### PROBLEM REQUIREMENTS:
Take the lines below from the one with "The black text" through the one with "第9分钟,C罗任意球直接射门,皮球击中人墙" and retype them exactly. Include nothing else, and no pictures.
*** Begin section ***
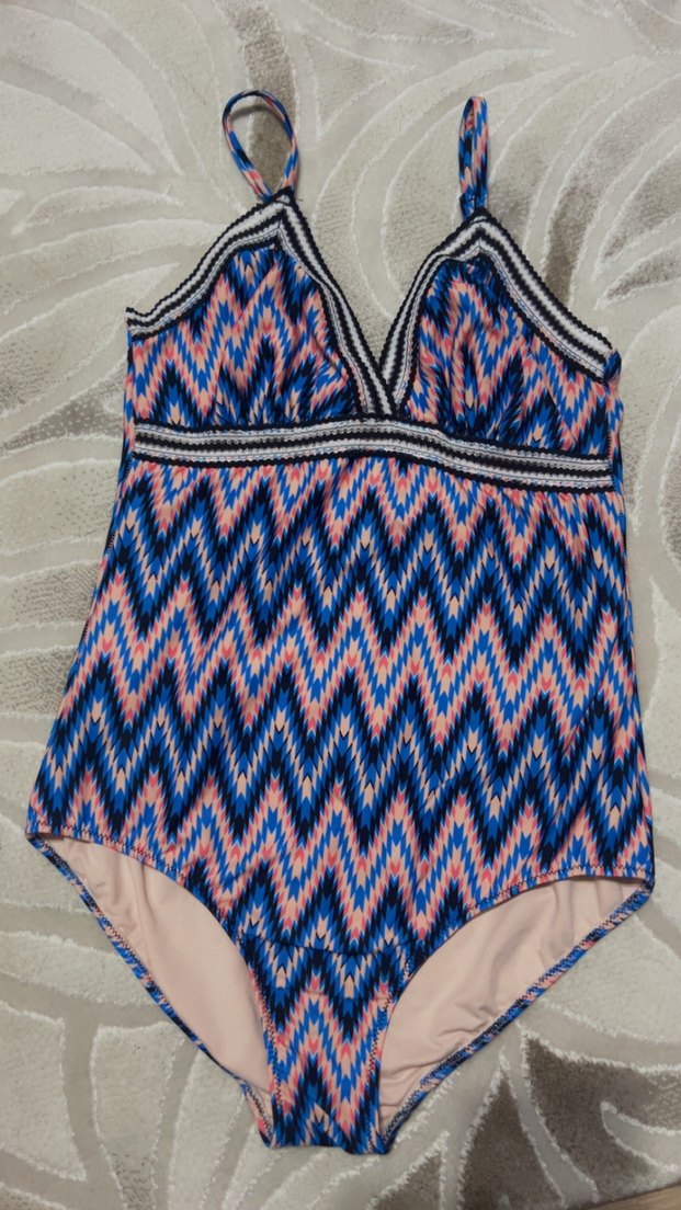 Renkli pilili ve bağcıklı askılı, bohem tarzda, vücuda oturan ve tie-dye desenli kadın mayo.
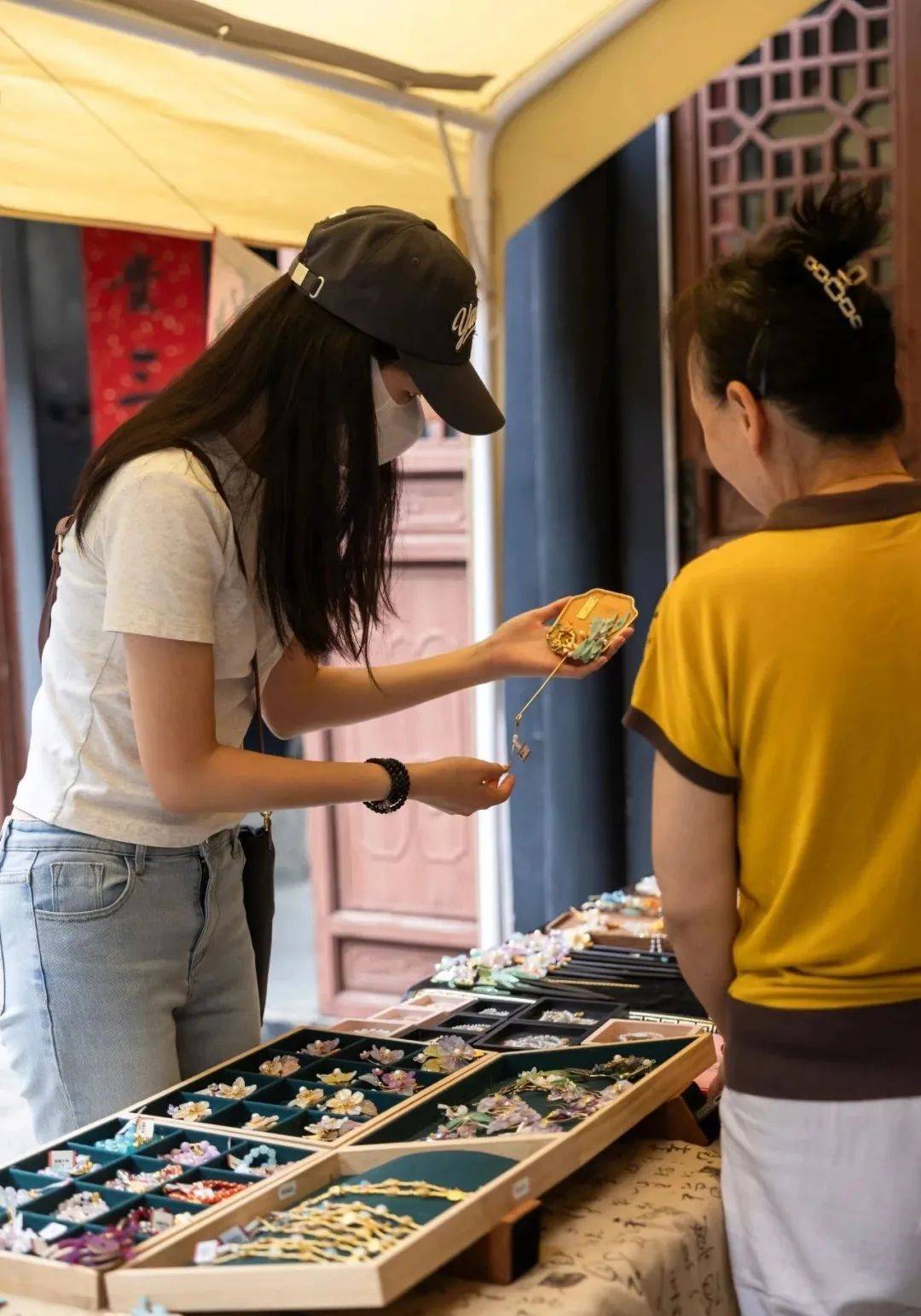 她从包中掏出了一件剪纸摆件、两个面塑玩偶,“这些是我在户部山买的,那边有很多非遗摊位,卖的东西都很吸引人。”
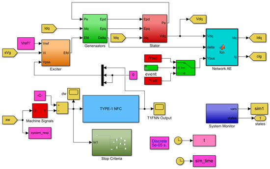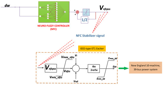 In the NFC structure, precondition parameters of the membership layer have been trained in the simulation model. During the simulation studies, outcome parameters have been trained using a back-propagation learning algorithm. The complete structure of the NFC damping controller-based interconnected test power system is shown in Figure 4. To control the LFO in the system, the synchronous rotor speed deviation is applied to the NFC controller. A reference value for NFC signal is obtained from the output of the NFC controller. These voltage signals are sent to the excitation system block, which generates the required signals for damping the LFOs in the test system.
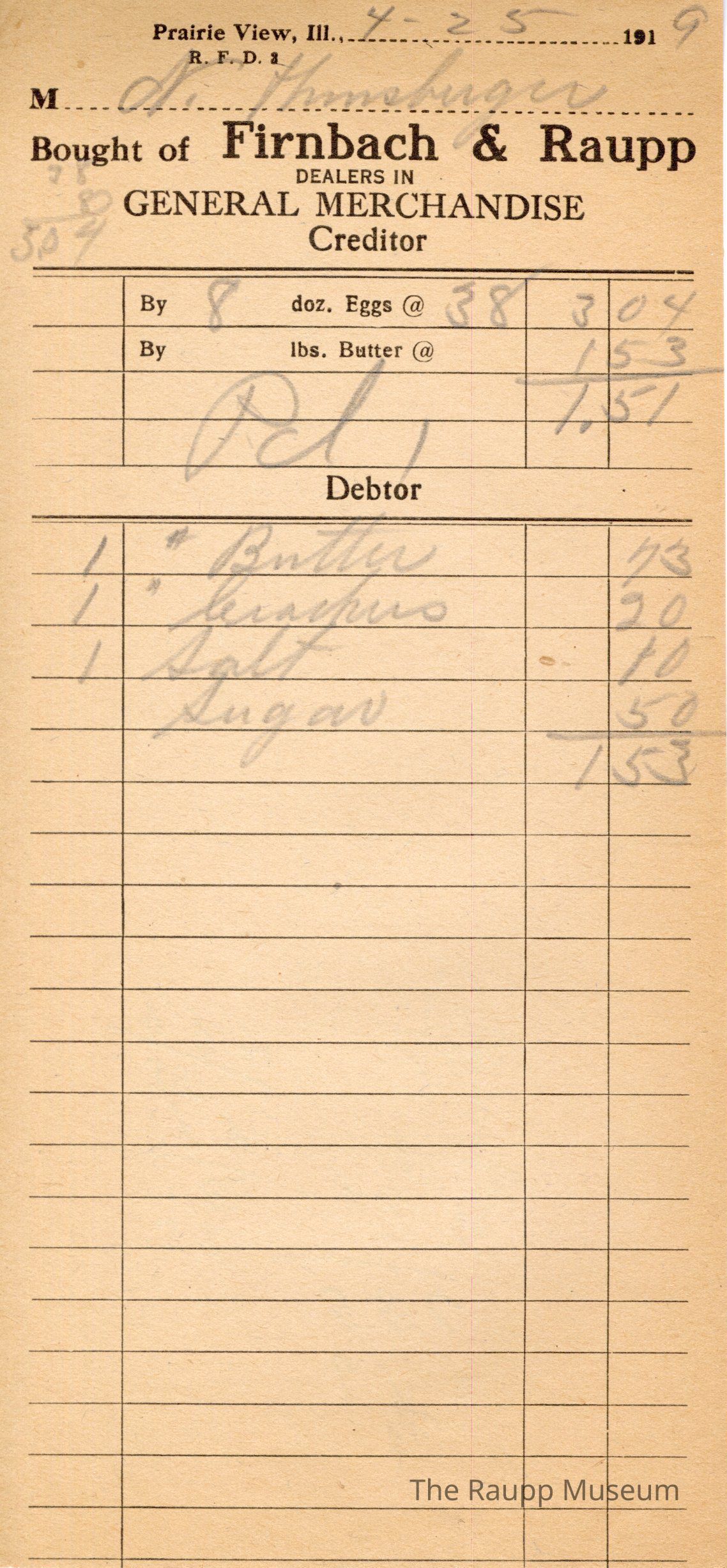 The black text is as follows, from top to bottom: Prairie View, Ill.,; Bought of Firnbach & Raupp; Dealers in GENERAL MERCHANDISE Creditor; By doz. Eggs @; By lbs Butter @; Debtor.Archive Details
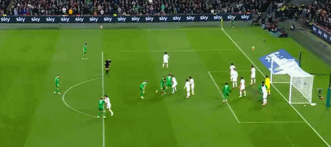 第9分钟,C罗任意球直接射门,皮球击中人墙
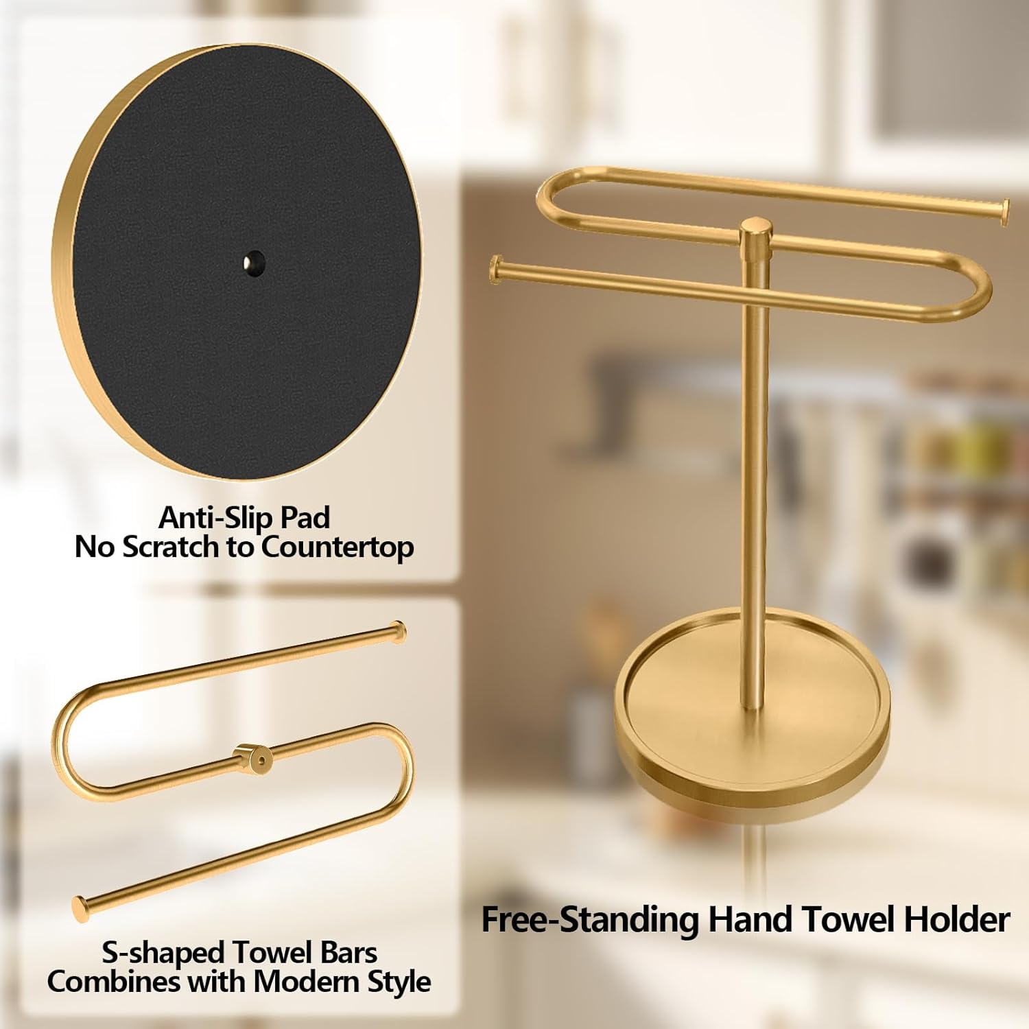 - Non-Slip Pad Design: The towel rack all base comes with a non-slip EVA round pad, making the hand towel holder more stable, and not scratch your countertop and furniture
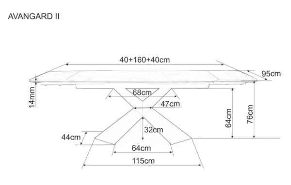 - Avangard II on näyttävä jatkettava ruokapöytä, jonka tyylikkäästi muotoiltu musta tukeva jalka toimii varmana katseenvangitsijana. Pöydän kannessa kaunis musta marmorikuviotu pinta, jossa eri sävyisiä juonteita. Pöytä soveltuu erinomaisesti moderniin sisustukseen tuomaan ilmettä. Tarvittaessa pöytää saa jatkettua kätevästi yhteensä 80 cm lisää. Toimitus osissa.
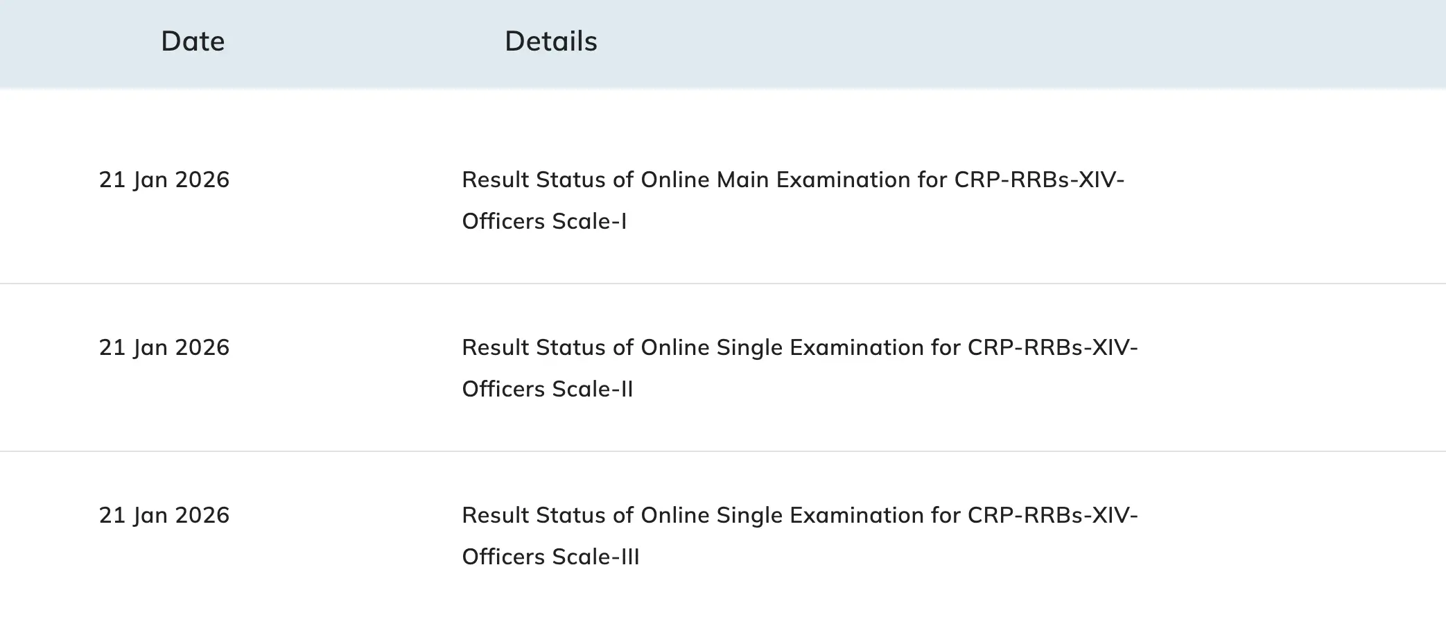 - Click on the notification reading “Result Status for Online Mains Exam CRP-RRBs-XIV-Officers Scale-I” OR “Result Status for Online Single Examination CRP-RRBs-XIV-Officers Scale-II & III”.
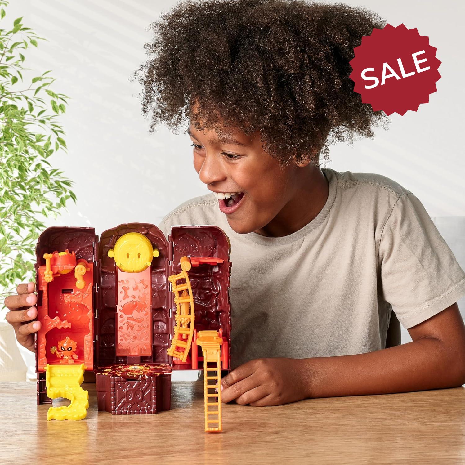 - Throughout their journey of the Lava Tower, kids will discover 2 Micro Sized Figures, reveal the temples hidden secrets whilst dodging its traps in the hunt for Real Gold Dipped Treasure!
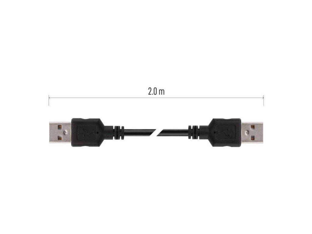 USB kabel 2.0 s vidlicemi USB A. Délka kabelu je 2 m. USB kabel je vhodný pro PC periferní zařízení. Kabel je plně stíněný pro redukci elektromagnetického rušení. Kabel má černou barvu.
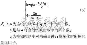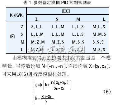 在本文中利用CRI法推理時(shí),控制過(guò)程是用查控制表來(lái)產(chǎn)生控制量的,在控制表中,模糊偏差量渣E渣、模糊偏差變化率渣EC渣,PID控制器的模糊比例增益系數(shù)KP、模糊積分增益系數(shù)KI和模糊微分增益系數(shù)KD都是用其對(duì)應(yīng)整數(shù)論域的元素來(lái)表示的。對(duì)于單個(gè)實(shí)時(shí)精確量利用式(5),得到的結(jié)果再四舍五入,就求出了對(duì)應(yīng)整數(shù)論域的相應(yīng)元素,從而實(shí)現(xiàn)了輸入量的模糊化。
*** End section ***
### ANSWER BELOW:
 The black text is as follows, from top to bottom: Prairie View, Ill.,; Bought of Firnbach & Raupp; Dealers in GENERAL MERCHANDISE Creditor; By doz. Eggs @; By lbs Butter @; Debtor.Archive Details
 第9分钟,C罗任意球直接射门,皮球击中人墙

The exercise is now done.